I’m not afraid of carbohydrates, but I choose the ones that are beneficial for my health, as is the case with sweet potatoes or yams. They are similar to potatoes, but they have a sweeter taste, they contain more fiber, vitamin A, vitamin C, vitamin B6, manganese and calcium, in addition, they have a lower glycemic load, so for many it is a healthier alternative. I personally consume both.
This salad, being so colorful, has many different nutrients and is a very complete dish, ideal to carry in a lunch box when we have to eat out.
- 1 taza de batata cruda cortada en dados (265 g)

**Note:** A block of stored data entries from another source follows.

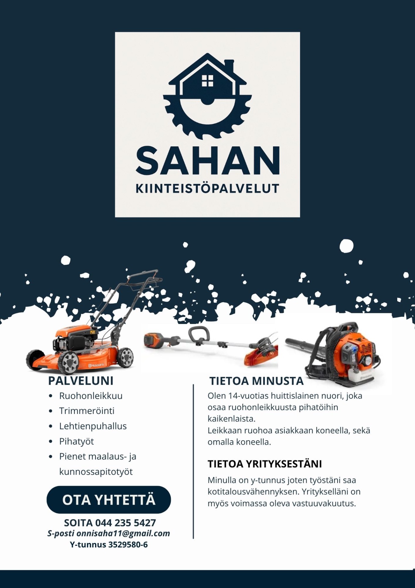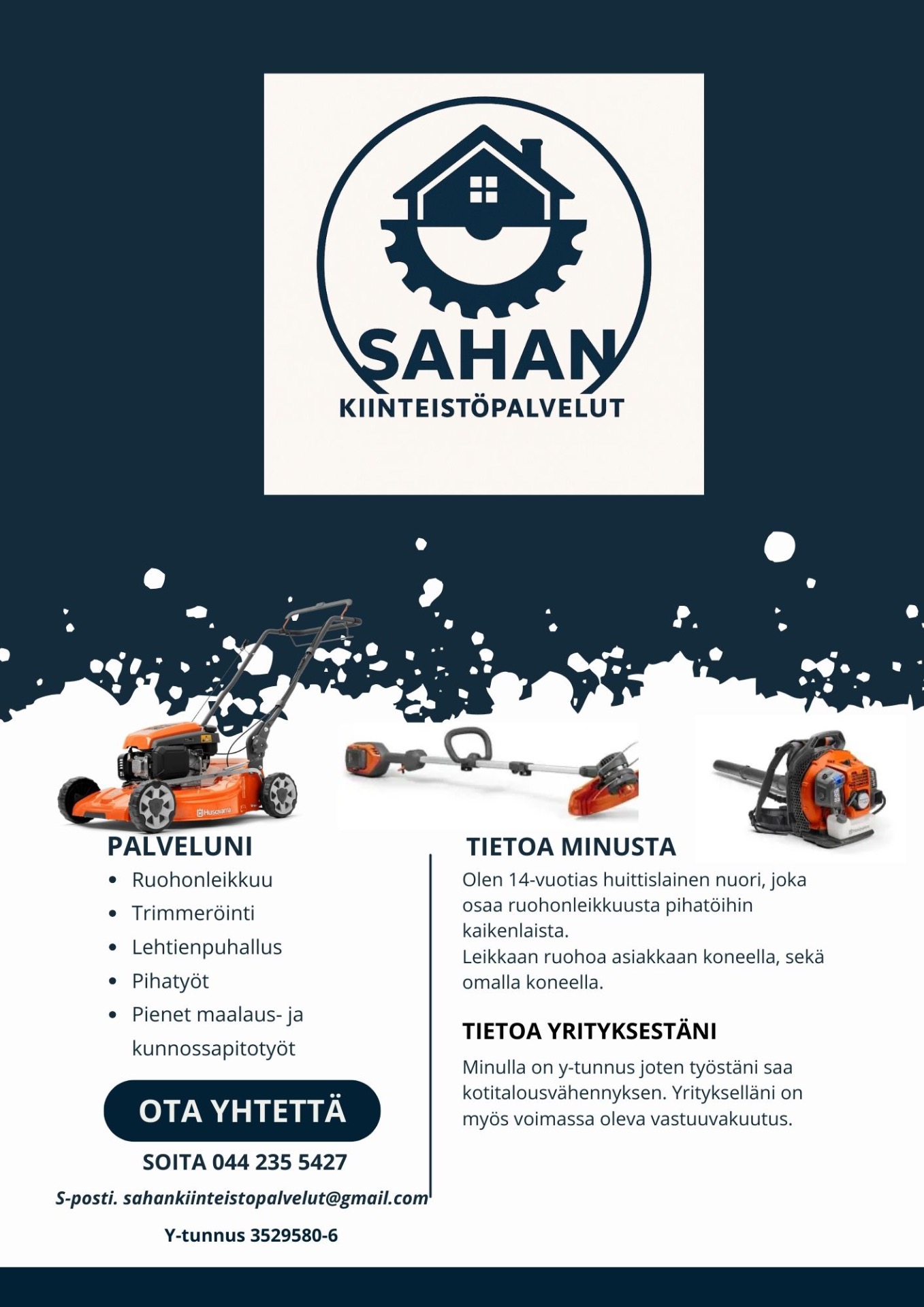 Sahan kiinteistöpalvelut tarjoaa luotettavaa ja ammattitaitoista pihojen hoitoa Huittisten alueella. Palveluihimme kuuluvat muun muassa nurmikon leikkaus ja puutarhan hoito. Luomme viihtyisän ja hoidetun ympäristön kiinteistöllesi.
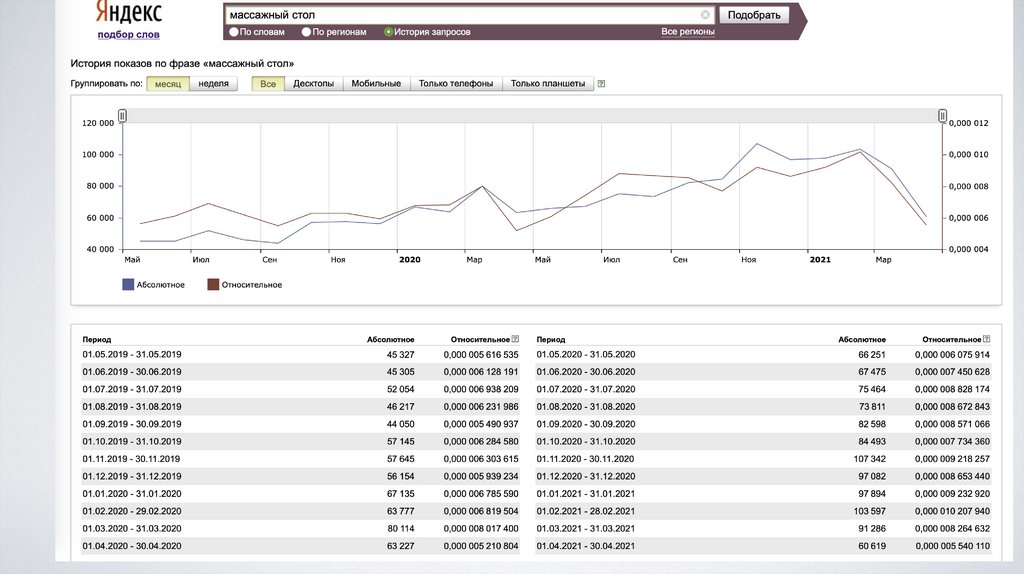 По статистике запросов можно увидеть что спрос на эту категорию товаров постоянно растет благодаря развитию массажа и заботы о себе в России+легкой
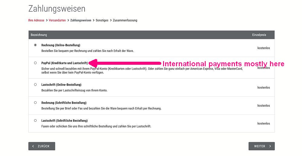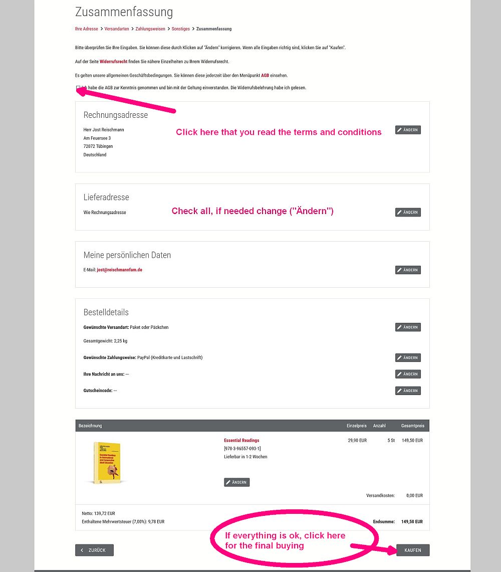The next window asks for the address where to send the book(s) to. *If you find your country not in the scroll list send a mail to ferstl@ziel.org. He ist the publisher, and is very helpful to make it possible that you get the book.
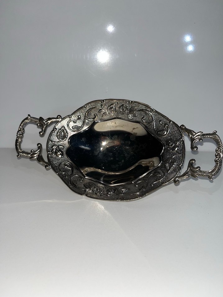 Vintage gri tepsi,şekerlik dekorluk parlak yüzeyde detaylı yılan deseni ve süslü kulplar ile klasik bir dokunuş sağlar.
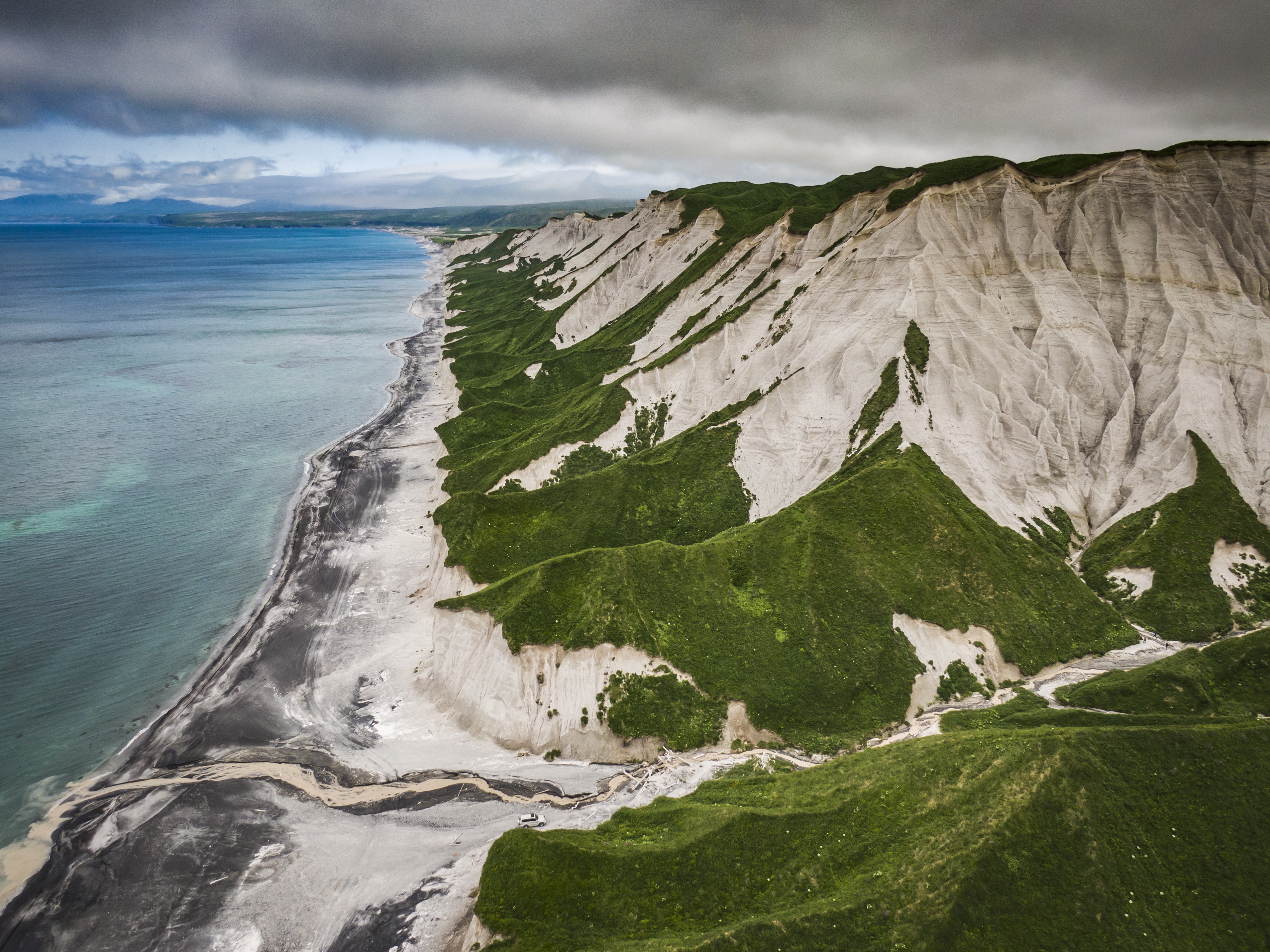 Приготовьтесь к захватывающему путешествию вдоль побережья Итурупа, где вас ждут поразительные контрасты природы от загадочных черных пляжей до ослепительно белых скал, от бушующего океана до умиротворяющих геотермальных источников.

- 1 taza de garbanzos cocinados (165 g)
- 1 pepino
- 1 tomate
- 1/2 taza de pimiento rojo (75 g)
- 1 taza de canónigos (30 g)
- 1 limón
- 1 cucharadita de comino
- 1 cucharadita de pimentón dulce
- Aceite de oliva virgen extra al gusto (opcional)
- Preheat the oven to 180ºC or 355 ºF.
- Bake diced sweet potato for 35 minutes or until done.
- Chop all the vegetables and put them in a bowl together with the chickpeas and the sweet potato when they are done (you can serve it warm or cold).
- Add the juice of one lemon, the cumin, paprika and oil to taste. Stir and serve.